Work request: In the entries that follow, the first line to write out is the one containing "A pair of silver", and the last is the one containing "Shopio, ihtiyacınız olan". Reproduce that stretch exactly, with nothing before or after it.

Data section:
▼
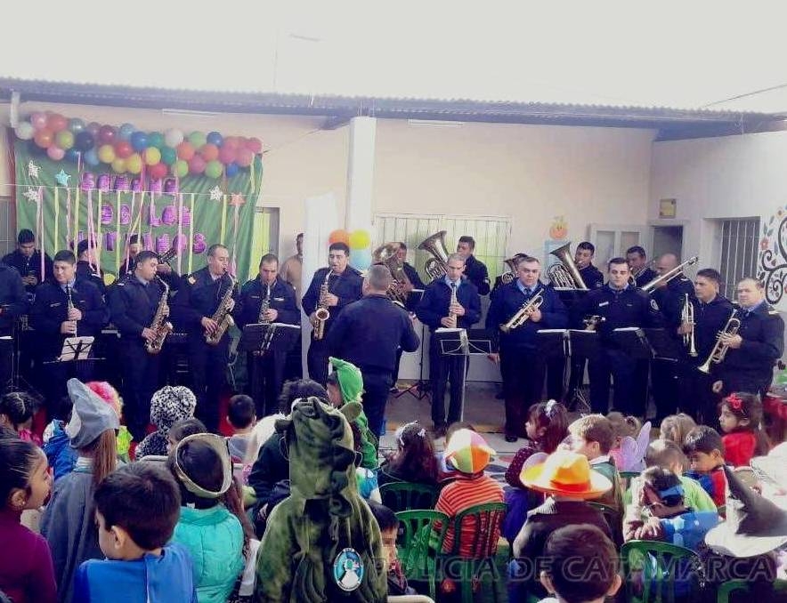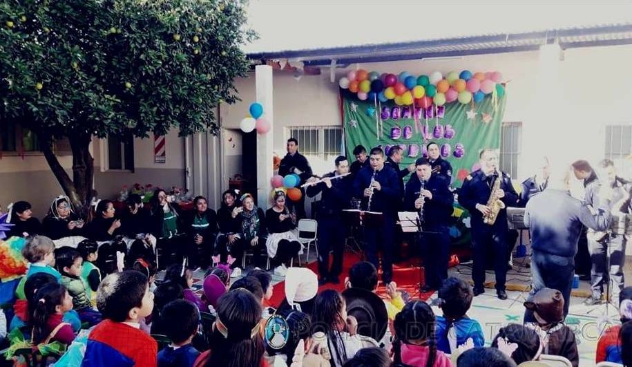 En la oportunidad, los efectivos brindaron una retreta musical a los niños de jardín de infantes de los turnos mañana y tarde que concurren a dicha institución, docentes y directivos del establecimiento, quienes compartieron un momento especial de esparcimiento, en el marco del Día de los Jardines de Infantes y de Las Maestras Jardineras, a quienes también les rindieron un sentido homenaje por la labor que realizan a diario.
▲
▼
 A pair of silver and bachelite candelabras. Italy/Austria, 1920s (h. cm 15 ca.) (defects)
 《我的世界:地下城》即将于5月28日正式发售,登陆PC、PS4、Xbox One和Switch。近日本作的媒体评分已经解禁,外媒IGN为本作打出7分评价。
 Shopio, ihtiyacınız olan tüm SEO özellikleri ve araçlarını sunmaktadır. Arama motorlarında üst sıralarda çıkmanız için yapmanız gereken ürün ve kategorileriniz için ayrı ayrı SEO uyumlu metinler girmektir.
▲
Task result:
 A pair of silver and bachelite candelabras. Italy/Austria, 1920s (h. cm 15 ca.) (defects)
 《我的世界:地下城》即将于5月28日正式发售,登陆PC、PS4、Xbox One和Switch。近日本作的媒体评分已经解禁,外媒IGN为本作打出7分评价。
 Shopio, ihtiyacınız olan tüm SEO özellikleri ve araçlarını sunmaktadır. Arama motorlarında üst sıralarda çıkmanız için yapmanız gereken ürün ve kategorileriniz için ayrı ayrı SEO uyumlu metinler girmektir.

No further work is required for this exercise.